Hi,I have IBS-D and I suspect that my daily tobacco use has something to do with it. Why I'm suspecting nicotine to be the villain here, is because sometimes when I smoke I have to run to the loo!Anybody quit smoking and got better when they threw the filthy cigs in the trash bin?


----------



## overitnow (Nov 25, 2001)

I smoked for 30 years, after 25 the D began. Even after quitting the D lasted another 5 years. It was only after I began taking a supplement designed to control platelet behavior that the D stopped. From work done by the London Hospital, it appears they discovered linkages between that same type of platelet behaviour and colon inflammation which leads to D. I know it is difficult to believe that we could have caused this by our own stupidity; but that really may be the case. I seriously believe that if you smoke and have IBS D and/or GERD, you are likely dealing with an inflammatory condition. You can deal with the D with calcium or Immodium or something like that or try to find a solution to the inflammation. what you can't do is to keep smoking and expect this to ever get better.Good luck with all of it.Mark


----------



## sup3rst4r (Feb 2, 2011)

overitnow said:


> I smoked for 30 years, after 25 the D began. Even after quitting the D lasted another 5 years. It was only after I began taking a supplement designed to control platelet behavior that the D stopped. From work done by the London Hospital, it appears they discovered linkages between that same type of platelet behaviour and colon inflammation which leads to D. I know it is difficult to believe that we could have caused this by our own stupidity; but that really may be the case.
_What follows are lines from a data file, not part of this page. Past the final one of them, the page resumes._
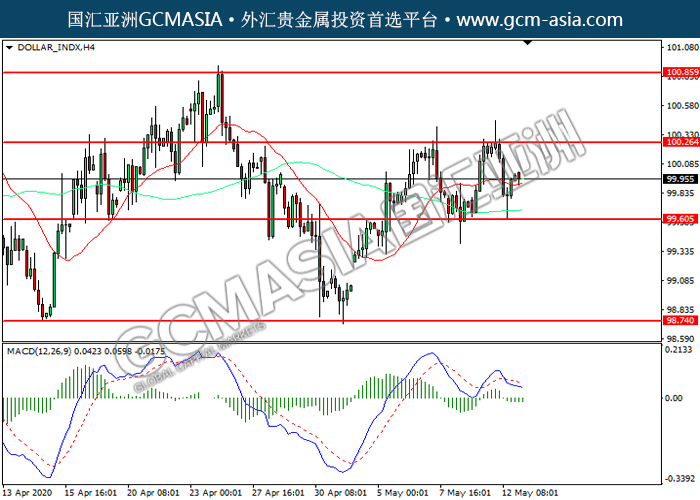 DOLLAR_INDX,H4:美指低位反弹。然而,MACD空头动能有所略增,短期可关注技术性回调。上方关100.25压力和100.85压力,下方关注99.60支撑和98.75支撑。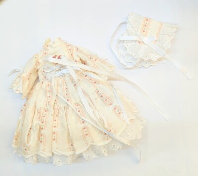 ancienne ドール衣装 MSDサイズ 花柄ドレス 白 グリーンリボン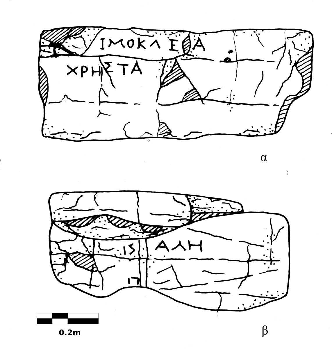 β) μέγιστο μήκος λίθου: 89 εκ., ύψος: 37 εκ. (σχ. 3α),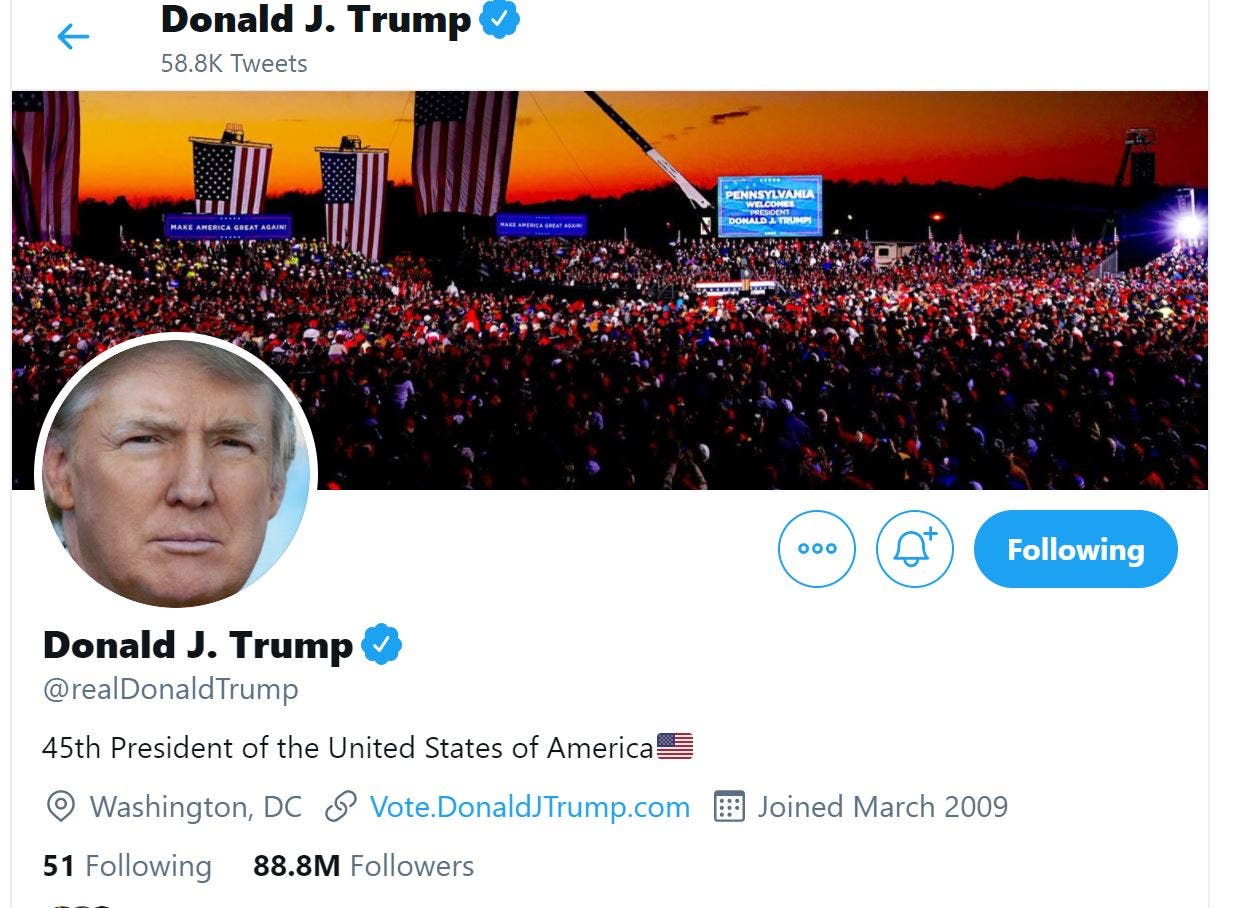 ويملك ترمب على تويتر 88.8 مليون متابع، فيما يملك بايدن 20.2 مليون.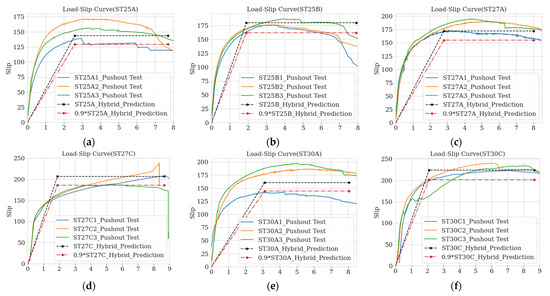 Data for the ultimate slip were collected from 194 pushout tests [1,15,16,20,22,23,25,28,69,78,80,81,82,83,84,87,90,91,92,93,97,98,99,105,106,107,108,109,110]. The target feature was the ultimate slip value (Su) of the shear connection. The ultimate slip values measured in the pushout experiments exhibited considerable variability. Various factors, including the criteria for assessing ultimate slip and deciding to terminate the experiments at different time points, influenced the determination of slip values. Consequently, the slip values provided may not necessarily represent the true ultimate slip values inherent to the actual specimen. Similar to the dataset for strength prediction, the experimental slip data comprised the dimensional and material values applied to typical specimens, as shown in Figure 5. Data on high-strength and large-diameter specimens are relatively scarce. Owing to the limited amount of data, confirming the overall correlation between the input features and slip was challenging. Nevertheless, the correlation coefficients among the features within the experimental data composition for slip prediction, as illustrated in Figure 3c, revealed that unlike strength, the thickness of the concrete slab and the height of the stud, which are related to stiffness, exhibited a directly proportional relationship with the ultimate slip.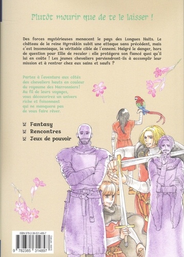 Partez à l'aventure aux côtés des chevaliers hauts en couleur du royaume des Marronniers ! Au fil de leurs voyages, vous découvrirez un univers riche et foisonnant qui ne manquera pas de vous faire rêver. Des forces mystérieuses menacent le pays des Longues Nuits. Le château de la reine Hyrrokkin subit une attaque sans précédent, mais c'est Insomniaque, la véritable cible de l'ennemi. Malgré le danger, hors de question pour Ellie de reculer : elle protégera son fiancé quoi qu'il lui en coûte ! Les jeunes chevaliers parviendront-ils à accomplir leur mission et à rentrer chez eux sains et saufs ?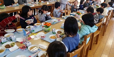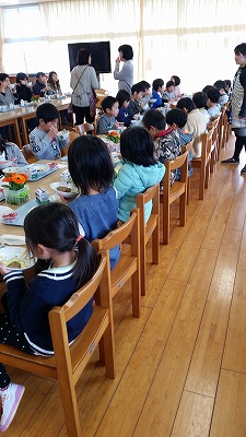 今日は新一年生の体験入学で、いっしょに給食試食会を行いました。新1年生も現1年生も相乗効果でみんなおいしそうに食べました。野菜はどうだったかな?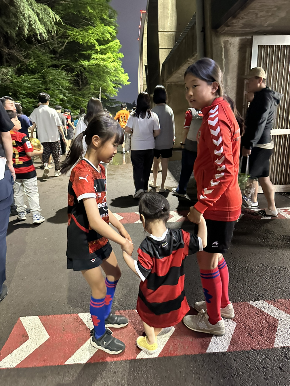 나도 어릴 때 축구 경기 보러 많이 다녔었지만 그때의 열기만큼 팬들의 응원 열기는 엄청났다. 부모님 따라 경기장에 오면 동네 사람들 다 모여 인사하고 친구들도 만나고 흥분됐던 시간들이 생각난다. 그때 엄마 나이만큼 자란 딸들과 두 손 잡고 함께 와서 감회가 새로웠다.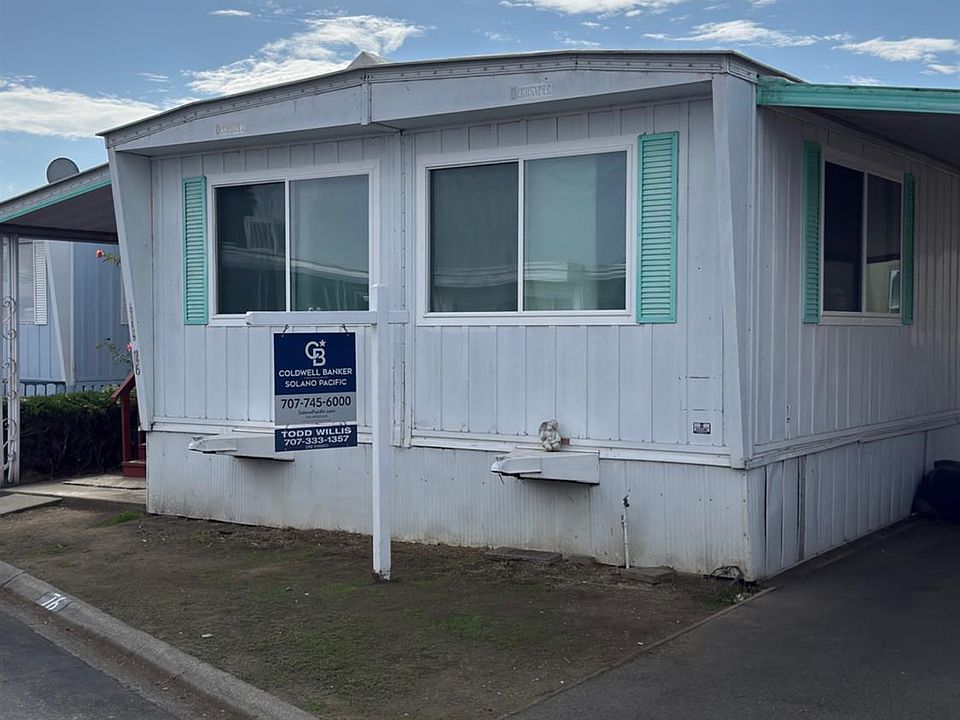 Welcome to Olympia of Vallejo! This charming 2-bedroom, 2-bath double-wide home offers comfort, convenience, and thoughtful updates throughout. Enjoy fresh interior paint, newer carpet, and dual-pane windows that bring in plenty of natural light while keeping the home energy-efficient. New dual pane windows and sliding glass door installed. The newer roof provides peace of mind for years to come. The spacious floor plan includes a comfortable living area, a bright kitchen with ample storage, and a primary suite with its own private bath. Located in the desirable Olympia of Vallejo community is convenient located close to shopping, dining, and freeway access. 24 hour security. Front porch has been enclosed and sheet rocked for additional living space.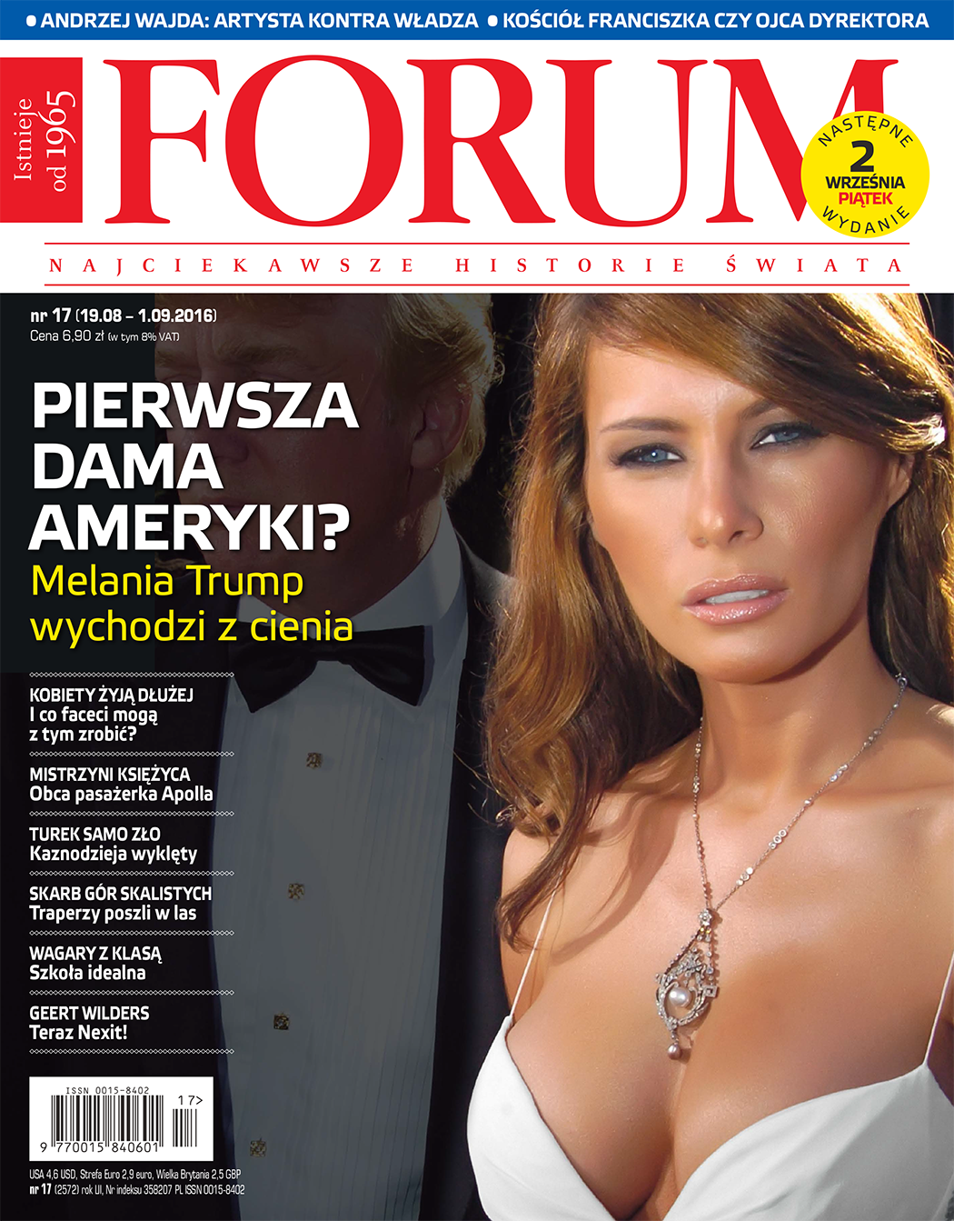 Tu wtrącę z satysfakcją, że obszerny portret Manaforta – szarej eminencji amerykańskiej polityki – przedstawiliśmy Państwu na łamach FORUM już kilka numerów temu. To w końcu nasza dewiza – pisać o ludziach i zjawiskach, zanim stanie się to modne... Tym razem proponujemy Czytelnikom sylwetkę Melanii Trump – żony kontrowersyjnego kandydata. Czy niegdysiejsza bohaterka rozbieranych sesji ma szansę zostać Pierwszą Damą?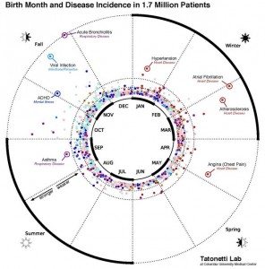 İkinci araştırma, New Yorkta 1985 ile 2013 yılları arasında 1,7 milyon hasta ve bunların müzdarip olduğu 1688 değişik hastalığın istatistiksel incelenmesi ile yapılmıştır. Araştırmadan ortaya çıkan sonuçlar doğum ayı ile 55 hastalık arasında bazı bağlantıların olduğunu gösteriyor.(2)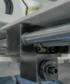 Back gauge positioner rides on a screwball rail system and uses an encoder for accuracy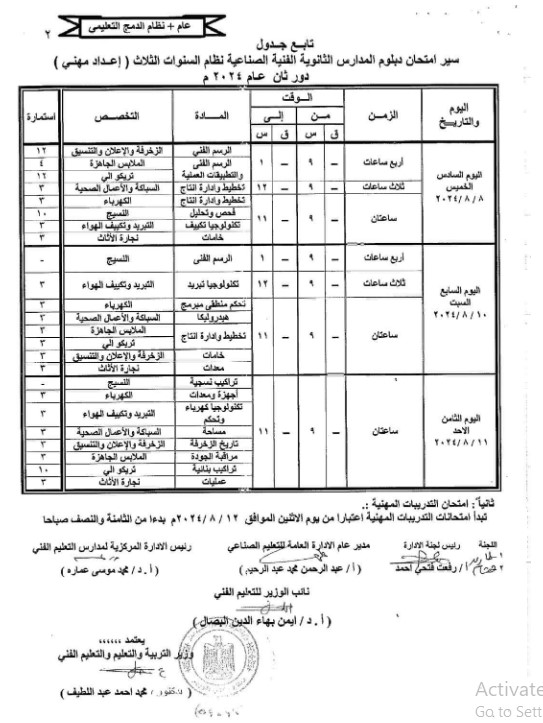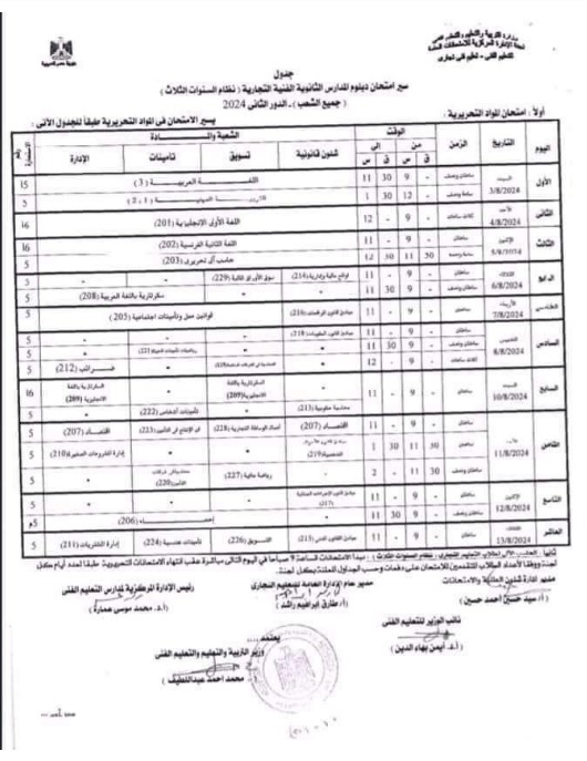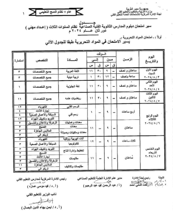 رسميًا.. جدول امتحانات الدور الثانى للدبلومات الفنية 2024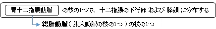 以下は胃十二指腸動脈の枝を簡単に表したものだが、「 日本人体解剖学 」では胃十二指腸動脈の枝として十二指腸上動脈(Wikipediaでは総肝動脈の枝としている)の名称は見られない。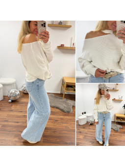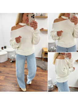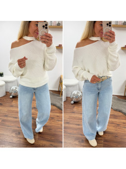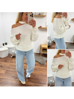 Pull nid d'abeille blanc avec ouverture asymétrique sur le...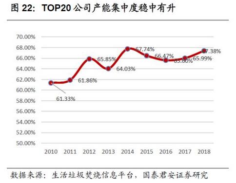 隨著環(huán)保標準和監(jiān)管趨嚴,具有品牌效應(yīng)、運營經(jīng)驗、政府關(guān)系和資金實力的龍頭公司在拓展業(yè)務(wù)方面更具優(yōu)勢,預(yù)計行業(yè)集中度有進步一步提升趨勢。2010-2018上半年以來,行業(yè)中投產(chǎn)產(chǎn)能TOP20的公司合計投產(chǎn)占全行業(yè)總產(chǎn)能的比例由61%上升到67%。
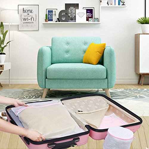 JAKAGO Laundry Bags Zippered Mesh Washing Bag Bra and Lingerie Bags Travel Packing Organisers for Blouse Laundry Underwear Stocking Hosiery Lingerie and Bra, Set of 7 (S2, M2, L1,XL1,Bra1)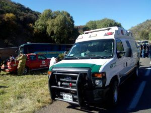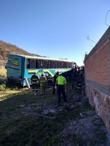 CALVILLO, AGS.- La mañana de este miércoles, se registró un accidente, sobre la carretera federal 70 poniente a la altura del kilómetro 32 en el que un camión de pasajeros se salió del camino luego de que el conductor perdiera el control de la unidad, incidente que dejó como saldo 8 personas lesionadas, de las cuales solo 5 fueron trasladadas a recibir atención médica al Hospital General de Calvillo.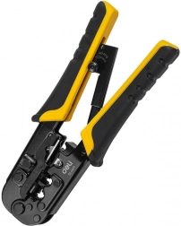 Ét værktøj klarer alt, hvad du behøver ved forberedelse af UTP/STP-netværkskabler. Præcise kæber til 4/6/8P-stik samt integreret kniv og afisolering fremskynder arbejdet og minimerer fejl.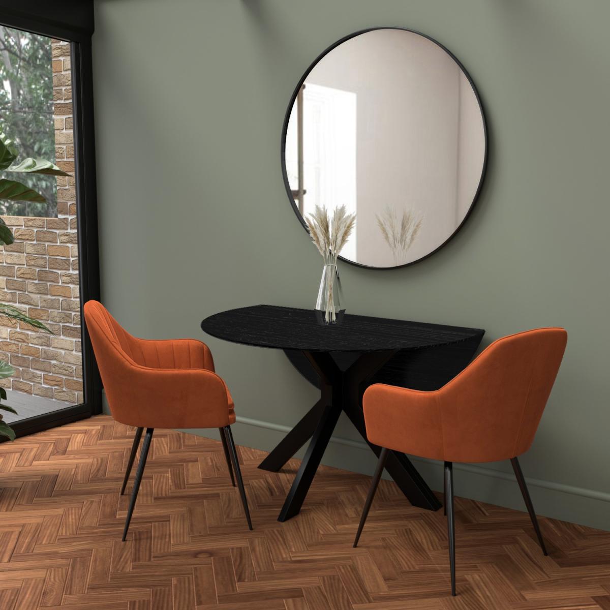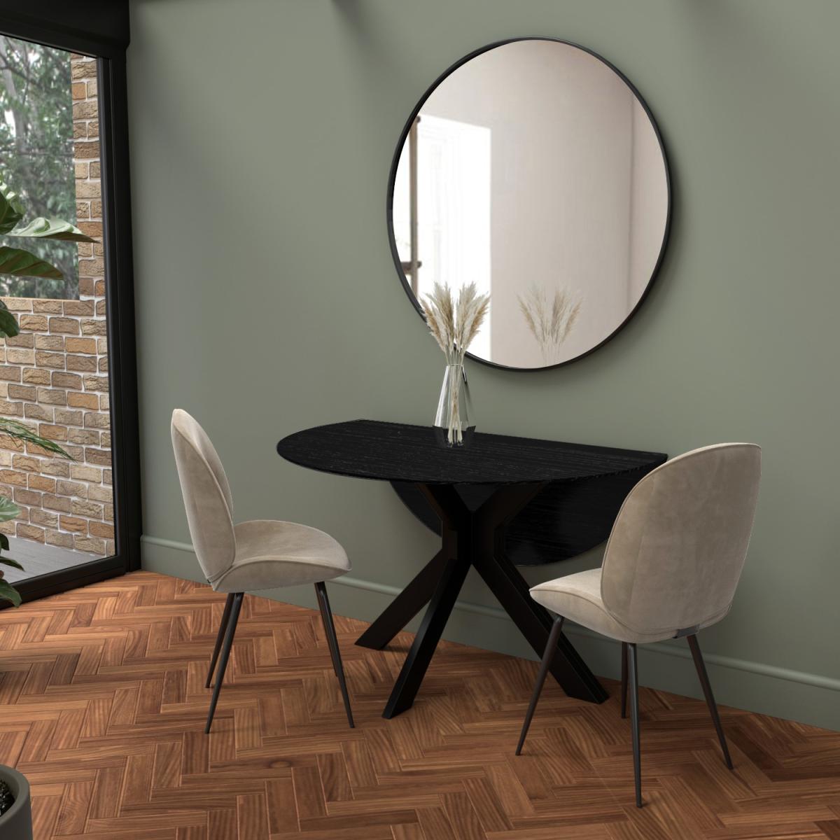 I love this round drop leaf table because of its versatility and sleek design. It's an excellent choice for smaller dining spaces or open-plan interiors, as the drop leaf feature allows you to expand it when hosting guests and tuck it away to save space afterwards. The black finish gives it a modern, sophisticated look that can complement a range of styles, from contemporary to minimal mid-century. For styling tips, consider pairing it with minimalist chairs in neutral tones for a clean aesthetic, or add textured runners and colourful placemats for a more inviting dining area. It works particularly well in urban apartments or kitchens that need a functional yet stylish centrepiece.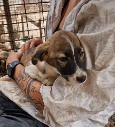 Den kleinen süssen Fratz mussten wir hinter einer Hütte vorholen, hinter der sich der Winzling verkrochen hatte. KASPAR hat das alles ganz lieb mit sich machen lassen und wir haben ihn wenige Minuten bekuschelt und gestreichelt, damit er etwas menschliche Nähe bekommt, da er anfangs zitterte. Bucov scheint ihn zusätzlich zu beängstigen. Er zeigte sich etwas schüchtern, hat sich aber ganz lieb bei allem gezeigt. KASPAR gehört zu den Kleinsten im Kennel und hat es sicher nicht immer leicht. Alleine aufgrund seiner Schüchternheit sollte der zarte Junge schnell dort raus.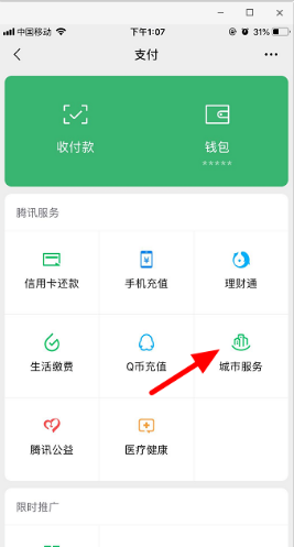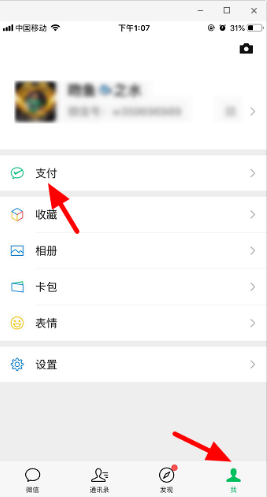 1、打开微信,进入“发现”页,点击“支付”,如下图所示:

I seriously believe that if you smoke and have IBS D and/or GERD, you are likely dealing with an inflammatory condition. You can deal with the D with calcium or Immodium or something like that or try to find a solution to the inflammation. what you can't do is to keep smoking and expect this to ever get better.Good luck with all of it.Mark


Hi Mark and thank you for your reply!I have recently began drinking milk again (the last 2 weeks or so). I had been off milk for almost 5 years before this because I never liked the taste of it. I have been getting a whole lot better this last week, and maybe I can attribute that to the calcium I get from drinking milk, as you mentioned. I have not been taking any calcium pills or anything in the last years either.I will watch the easy way to quit smoking DVD I ordered a month ago tonight, and hope that will get me in the right frame of mind to quit this filthy discusting habit!What was the supplement you took? And how long after you began taking it did you get better?BR,Björn


----------



## overitnow (Nov 25, 2001)

I use something called Provex CV, not available in Sweden. It took 6 weeks to eliminate the GERD and a good year to reverse the D, although there were changes along the way. What has been especially encouraging is that once this took effect, the bowel problems receded to little more than a irritation no matter what I ate, and have continued to improve as the years go by.Good luck with the smoking. it is the first big step in getting your health back under your control.Mark


----------



## PD85 (Aug 19, 2010)

When I quit smoking it made everything worse. While I was smoking I could just smoke a cig and then walk to the bathroom and go. So I had a rhythm and a routine. I also became mildly depressed after stopping. So for me it wasn't a positive to quit in those regards.


----------



## sup3rst4r (Feb 2, 2011)

PD85 said:


> When I quit smoking it made everything worse. While I was smoking I could just smoke a cig and then walk to the bathroom and go. So I had a rhythm and a routine. I also became mildly depressed after stopping. So for me it wasn't a positive to quit in those regards.


You are constipated now or what do you mean?


----------



## sup3rst4r (Feb 2, 2011)

overitnow said:


> I use something called Provex CV, not available in Sweden. It took 6 weeks to eliminate the GERD and a good year to reverse the D, although there were changes along the way. What has been especially encouraging is that once this took effect, the bowel problems receded to little more than a irritation no matter what I ate, and have continued to improve as the years go by.Good luck with the smoking. it is the first big step in getting your health back under your control.Mark


Hmmm.. did you take the Provex CV for the entire year? Or are you still taking it?I think I know where I can order Provex CV to Finland.. I'm not from sweden, although I have a swedish name Anything else that is like Provex CV I can try if I can't get it delivered here?


----------



## PD85 (Aug 19, 2010)

sup3rst4r said:


> You are constipated now or what do you mean?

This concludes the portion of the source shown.